As the year's tax deadline approaches, tax scams start ratcheting up, especially by phone. Some of the most common scams involve con-artists who pretend to be from the IRS and call victims telling them they have to pay right now, or else.
Don't believe it - the IRS has formal processes in place for people with tax issues and harassing calls like these are not how the IRS does business. The IRS will NEVER:
- Call you to demand immediate payment. The IRS will not call you if you owe taxes without first sending you a bill in the mail
- Demand that you pay taxes and not allow you to question or appeal the amount you owe
- Require that you pay your taxes a certain way. For instance, require that you pay with a prepaid debit card
- Threaten to bring in police or other agencies to arrest you for not paying
If you receive such a call, do not give out any information. Hang up immediately.

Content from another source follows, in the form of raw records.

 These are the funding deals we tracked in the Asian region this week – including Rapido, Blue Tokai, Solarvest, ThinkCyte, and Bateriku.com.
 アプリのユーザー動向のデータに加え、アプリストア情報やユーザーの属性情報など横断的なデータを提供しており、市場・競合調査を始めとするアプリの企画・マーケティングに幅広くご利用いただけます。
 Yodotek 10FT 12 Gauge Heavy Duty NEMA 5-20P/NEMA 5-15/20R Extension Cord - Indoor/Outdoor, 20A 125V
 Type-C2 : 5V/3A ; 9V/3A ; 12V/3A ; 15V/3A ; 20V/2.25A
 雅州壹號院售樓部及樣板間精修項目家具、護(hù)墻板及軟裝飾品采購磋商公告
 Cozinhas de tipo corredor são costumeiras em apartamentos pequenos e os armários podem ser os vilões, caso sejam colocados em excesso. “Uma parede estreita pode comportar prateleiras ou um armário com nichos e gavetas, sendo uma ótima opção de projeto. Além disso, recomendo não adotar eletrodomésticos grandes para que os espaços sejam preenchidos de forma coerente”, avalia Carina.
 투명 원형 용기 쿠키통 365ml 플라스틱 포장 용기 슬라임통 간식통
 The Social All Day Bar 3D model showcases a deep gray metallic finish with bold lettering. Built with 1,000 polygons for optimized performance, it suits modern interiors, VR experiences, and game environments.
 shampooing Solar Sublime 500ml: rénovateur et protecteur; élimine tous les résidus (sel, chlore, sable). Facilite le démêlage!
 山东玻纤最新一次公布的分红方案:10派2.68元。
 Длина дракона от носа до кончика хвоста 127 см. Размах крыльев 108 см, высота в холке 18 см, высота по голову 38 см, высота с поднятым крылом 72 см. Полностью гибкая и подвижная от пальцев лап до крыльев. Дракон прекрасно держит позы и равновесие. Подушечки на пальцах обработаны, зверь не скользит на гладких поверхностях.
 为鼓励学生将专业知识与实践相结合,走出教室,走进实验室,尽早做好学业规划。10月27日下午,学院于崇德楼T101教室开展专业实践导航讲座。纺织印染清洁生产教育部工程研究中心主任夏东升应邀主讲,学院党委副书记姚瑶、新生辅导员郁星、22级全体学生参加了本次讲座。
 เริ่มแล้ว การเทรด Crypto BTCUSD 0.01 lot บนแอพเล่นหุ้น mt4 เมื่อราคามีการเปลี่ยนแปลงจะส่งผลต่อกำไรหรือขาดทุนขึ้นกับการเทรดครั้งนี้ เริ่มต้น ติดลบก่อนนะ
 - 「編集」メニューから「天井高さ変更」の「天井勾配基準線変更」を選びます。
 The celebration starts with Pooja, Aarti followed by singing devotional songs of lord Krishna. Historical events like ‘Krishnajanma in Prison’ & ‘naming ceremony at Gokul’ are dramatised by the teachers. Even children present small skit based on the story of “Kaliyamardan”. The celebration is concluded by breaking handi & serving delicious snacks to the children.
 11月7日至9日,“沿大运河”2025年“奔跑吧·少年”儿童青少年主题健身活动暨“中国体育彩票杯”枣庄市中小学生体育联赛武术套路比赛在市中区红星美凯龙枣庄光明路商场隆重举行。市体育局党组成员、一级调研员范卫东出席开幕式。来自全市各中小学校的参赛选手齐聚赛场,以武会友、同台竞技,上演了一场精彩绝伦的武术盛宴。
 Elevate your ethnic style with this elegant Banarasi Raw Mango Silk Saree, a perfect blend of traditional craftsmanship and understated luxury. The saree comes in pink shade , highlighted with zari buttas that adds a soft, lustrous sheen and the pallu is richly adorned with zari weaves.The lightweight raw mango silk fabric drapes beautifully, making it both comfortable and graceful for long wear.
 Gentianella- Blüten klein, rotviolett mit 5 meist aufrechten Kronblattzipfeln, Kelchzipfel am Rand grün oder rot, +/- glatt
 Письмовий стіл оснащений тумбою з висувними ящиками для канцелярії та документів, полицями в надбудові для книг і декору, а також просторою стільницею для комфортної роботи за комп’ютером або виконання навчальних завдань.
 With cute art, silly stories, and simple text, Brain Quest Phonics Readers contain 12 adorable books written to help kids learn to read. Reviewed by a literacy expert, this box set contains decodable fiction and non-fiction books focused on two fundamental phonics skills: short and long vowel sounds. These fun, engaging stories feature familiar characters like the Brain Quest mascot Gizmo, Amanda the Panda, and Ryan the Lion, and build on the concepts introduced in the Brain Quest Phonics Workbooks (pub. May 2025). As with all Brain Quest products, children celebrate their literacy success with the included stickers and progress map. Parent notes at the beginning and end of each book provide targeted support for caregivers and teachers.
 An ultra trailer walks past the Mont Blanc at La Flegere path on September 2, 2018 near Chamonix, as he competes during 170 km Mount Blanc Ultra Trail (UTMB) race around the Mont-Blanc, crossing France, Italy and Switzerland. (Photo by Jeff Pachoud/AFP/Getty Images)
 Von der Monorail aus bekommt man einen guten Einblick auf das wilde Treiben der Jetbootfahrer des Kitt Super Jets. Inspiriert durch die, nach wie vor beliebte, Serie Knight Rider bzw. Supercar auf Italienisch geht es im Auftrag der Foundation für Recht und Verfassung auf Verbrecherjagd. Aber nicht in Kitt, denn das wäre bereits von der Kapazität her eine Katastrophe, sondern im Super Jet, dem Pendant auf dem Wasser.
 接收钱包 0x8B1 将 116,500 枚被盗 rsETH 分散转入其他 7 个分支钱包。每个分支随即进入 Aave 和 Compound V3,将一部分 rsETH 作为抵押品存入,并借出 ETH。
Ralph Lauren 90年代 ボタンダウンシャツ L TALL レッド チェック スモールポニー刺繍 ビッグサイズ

If you're concerned the call might be from a legitimate IRS representative, call the IRS back at 800-829-1040 to verify the call.
Tax scams are also commonly perpetrated by email "phishing" scams and by regular U.S. mail. Scammers will often copy official IRS letterhead or logo to use in the fraudulent messages they send to victims. Or the scams may appear to come from another official source, such as pretending to be from the UC payroll department asking you to login to access your W2 form.
Even if you don't provide the information the crooks are looking for, clicking a link or opening an attachment can download malicious software on to your computer that could allow the sender to access your passwords or bank account information, and lead to identity theft.
Bottom line, it's a scam. The IRS does not initiate contact with taxpayers through email.
To protect yourself and your personal information:
- Adhere to our Top 10 Secure Computing Tips
- Report crimes and criminal activity to the Campus Police Department.